Add the spring-ai-openai-sdk dependency to your project’s Maven pom.xml file:
<dependency>
<groupId>org.springframework.ai</groupId>
<artifactId>spring-ai-openai-sdk</artifactId>
</dependency>
or to your Gradle build.gradle build file:
dependencies {
implementation 'org.springframework.ai:spring-ai-openai-sdk'
}
| Refer to the Dependency Management section to add the Spring AI BOM to your build file. |
Next, create an OpenAiSdkChatModel and use it for text generations:
var chatOptions = OpenAiSdkChatOptions.builder()
.model("gpt-4o")
.temperature(0.7)
.apiKey(System.getenv("OPENAI_API_KEY"))
.build();
var chatModel = new OpenAiSdkChatModel(chatOptions);
ChatResponse response = chatModel.call(
new Prompt("Generate the names of 5 famous pirates."));
// Or with streaming responses
Flux<ChatResponse> response = chatModel.stream(
new Prompt("Generate the names of 5 famous pirates."));
Microsoft Foundry Configuration
For Microsoft Foundry :
var chatOptions = OpenAiSdkChatOptions.builder()
.baseUrl("https://your-resource.openai.azure.com")
.apiKey(System.getenv("OPENAI_API_KEY"))
.deploymentName("gpt-4")
.azureOpenAIServiceVersion(AzureOpenAIServiceVersion.V2024_10_01_PREVIEW)

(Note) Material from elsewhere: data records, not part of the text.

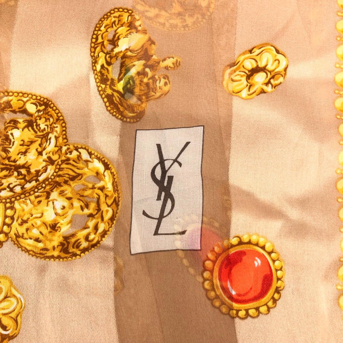 ロングスカーフ YSLロゴ/宝石柄/シルク シルク100% |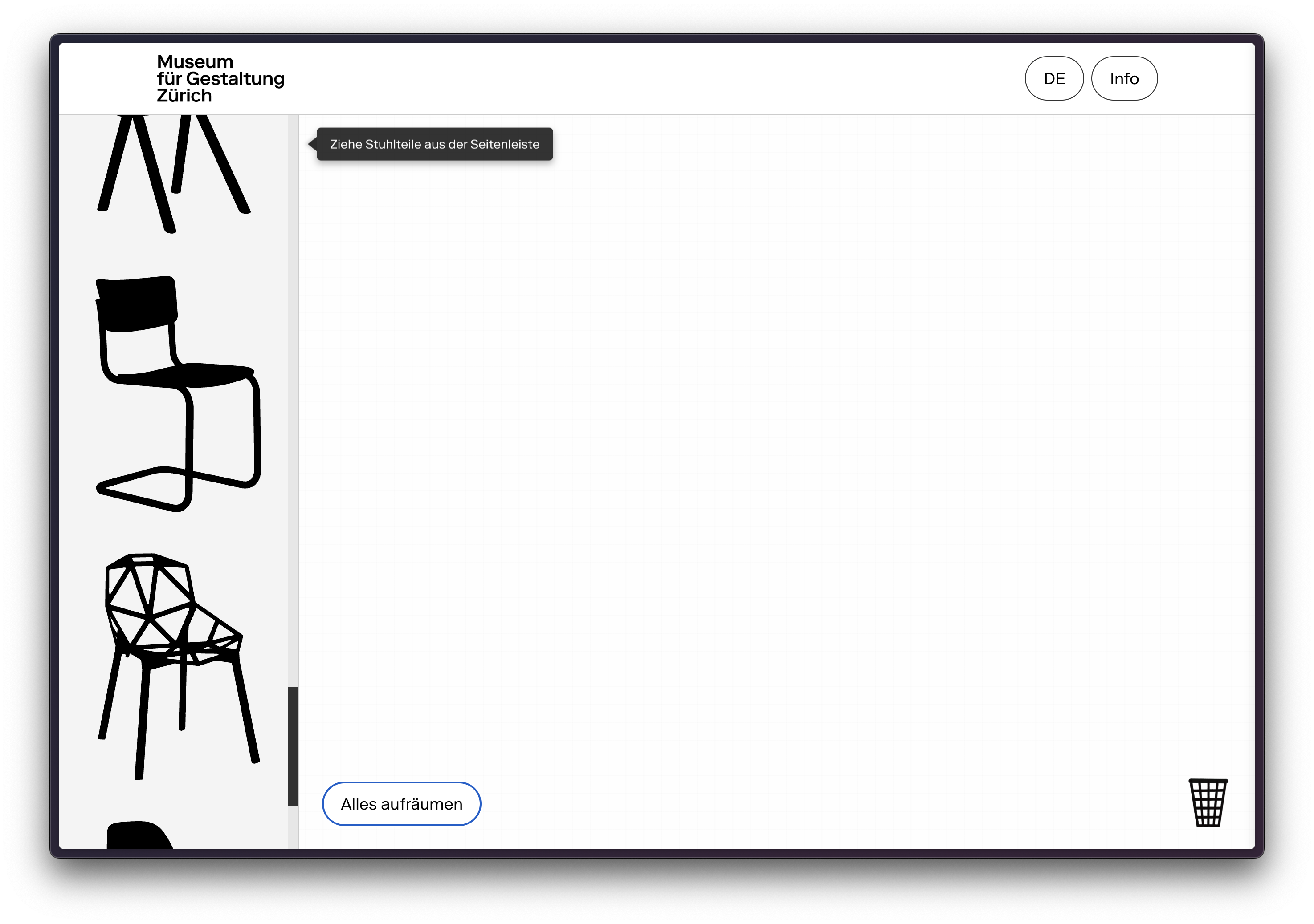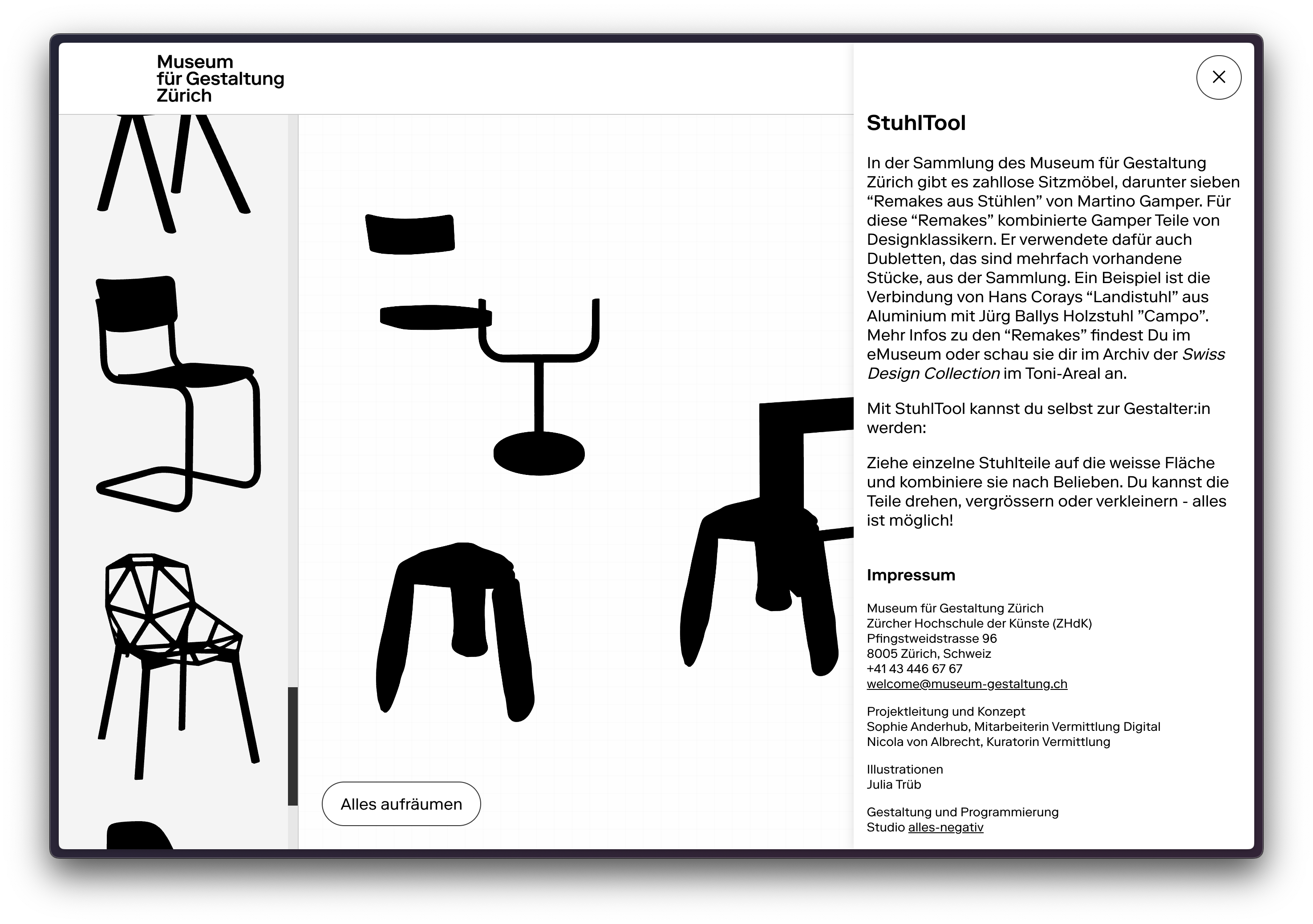 Sophie approached us with the idea of an interactive extension of Martino Gamper’s “Remakes aus Stühlen” in the collection of the Museum für Gestaltung Zürich. Sophie was fascinated by the way Gamper combines elements of classic chairs into new, surprising forms — playful yet thoughtful experiments in design and authorship. With StuhlTool, we aimed to translate this idea into a digital space, enabling visitors to experience this creative process firsthand. The tool lets users drag and drop chair parts onto a blank surface, rotate and resize them, and create their own “remakes.” It’s both a game and a reflection on how design evolves through combination, reinterpretation, and chance. The tool is currently exhibited at the Museum für Gestaltung in Zurich.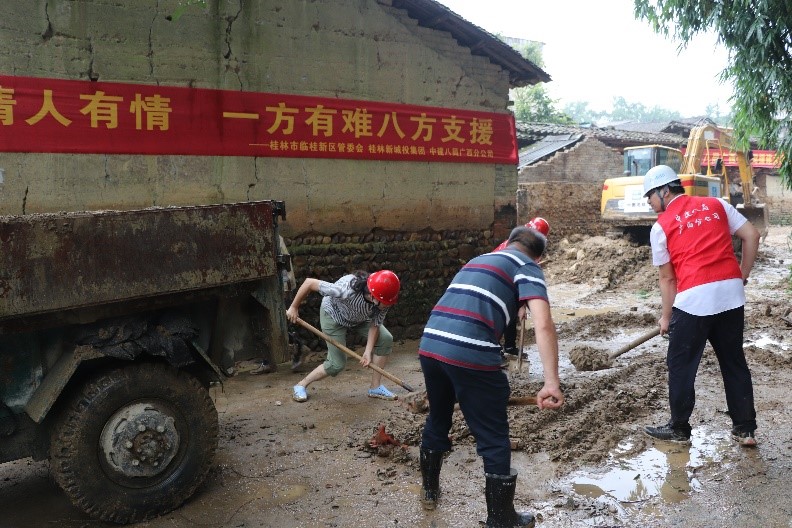 近期,臨桂新區(qū)鄉(xiāng)村振興聯(lián)系點五通鎮(zhèn)羅江村連續(xù)遭遇多輪強(qiáng)降雨侵襲,鄉(xiāng)村路面房屋受災(zāi)嚴(yán)重,村落存在大量積水和淤泥。面對災(zāi)情,臨桂新區(qū)黨工委委員、管委會常務(wù)副主任李星明,新區(qū)黨工委委員、管委會副主任、機(jī)關(guān)黨委書記蔣玖明了解情況后,急群眾所急、想群眾所想,立即把這項艱巨任務(wù)交給了新城投集團(tuán)黨總支,建議由會展中心項目部臨時聯(lián)合黨支部作為實施主體。新城投集團(tuán)黨總支副書記、總經(jīng)理黃峻按照部署立刻布置相關(guān)工作,安排集團(tuán)黨總支組織委員、工會主席、聯(lián)合黨支部副書記譚力源組織聯(lián)合黨支部成員單位——中建八局廣西公司桂林項目部具體緊急落實,要求發(fā)揮央企技術(shù)優(yōu)勢和國企平臺資源,為鄉(xiāng)村災(zāi)后重建做好服務(wù)保障、力所能及的為村民解憂,以此提升“黨旗映勝地”黨建品牌的時代內(nèi)涵。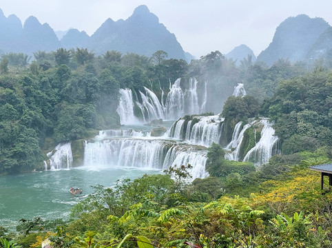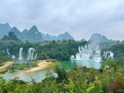 左边就是越南的板约瀑布,右边的就是我们的德天瀑布,中间是归春河,这个就是德天跨国瀑布的由来。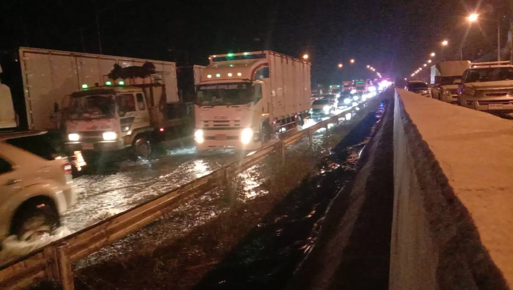 โดยเครื่องสูบน้ำก็คงยังสูบน้ำออกจากพื้นผิวจราจรอยู่ตลอดเวลาเพื่อลดระดับน้ำในช่องทางจราจรเพาอให้พื้นผิวจราจรกับมาใช้ได้ตามปกติโดยเร็ว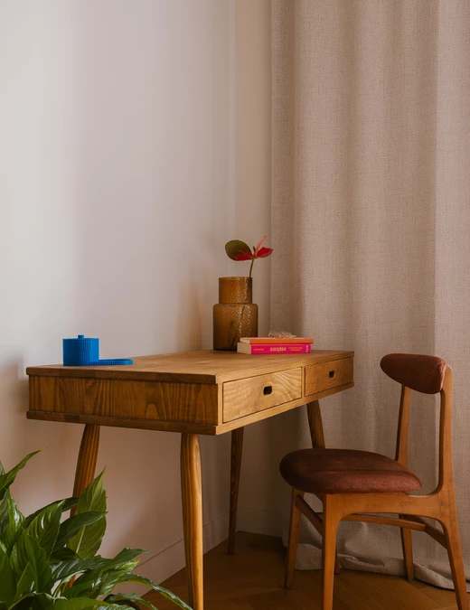 Wnętrze to jednak nie tylko „baza”, ale przede wszystkim wypełniające ją obiekty. W centrum kuchni stanął stół otoczony prawdziwymi perełkami polskiego designu – odrestaurowanymi krzesłami projektu profesora Rajmunda Hałasa. Obecność tych klasyków świetnie koresponduje z duńskimi inspiracjami, które były punktem wyjścia dla wielu rozwiązań w tym mieszkaniu.

.azure(true) // Enables Microsoft Foundry mode
.build();
var chatModel = new OpenAiSdkChatModel(chatOptions);
Microsoft Foundry supports passwordless authentication. Add the com.azure:azure-identity dependency to your project. If you don’t provide an API key, the implementation will automatically attempt to use Azure credentials from your environment.
|
Key Differences from Spring AI OpenAI
This implementation differs from the Spring AI OpenAI implementation in several ways:
| Aspect | Official OpenAI SDK | Existing OpenAI |
|---|---|---|
HTTP Client |
OkHttp (via official SDK) |
Spring RestClient/WebClient |
API Updates |
Automatic via SDK updates |
Manual maintenance |
Azure Support |
Native with passwordless auth |
Manual URL construction |
GitHub Models |
Native support |
Not supported |
Audio/Moderation |
Not yet supported |
Fully supported |
Retry Logic |
SDK-managed (exponential backoff) |
Spring Retry (customizable) |
Dependencies |
Official OpenAI SDK |
Spring WebFlux |
When to use OpenAI SDK:
-
You’re starting a new project
-
You primarily use Microsoft Foundry or GitHub Models
-
You want automatic API updates from OpenAI
-
You don’t need audio transcription or moderation features
-
You prefer official SDK support
When to use Spring AI OpenAI:
-
You have an existing project using it
-
You need audio transcription or moderation features
-
You require fine-grained HTTP control
-
You want native Spring reactive support
-
You need custom retry strategies
Observability
The OpenAI SDK implementation supports Spring AI’s observability features through Micrometer. All chat model operations are instrumented for monitoring and tracing.
Limitations
The following features are not yet supported in the OpenAI SDK implementation:
-
Audio speech generation (TTS)
-
Audio transcription
-
Moderation API
-
File API operations
These features are available in the Spring AI OpenAI implementation.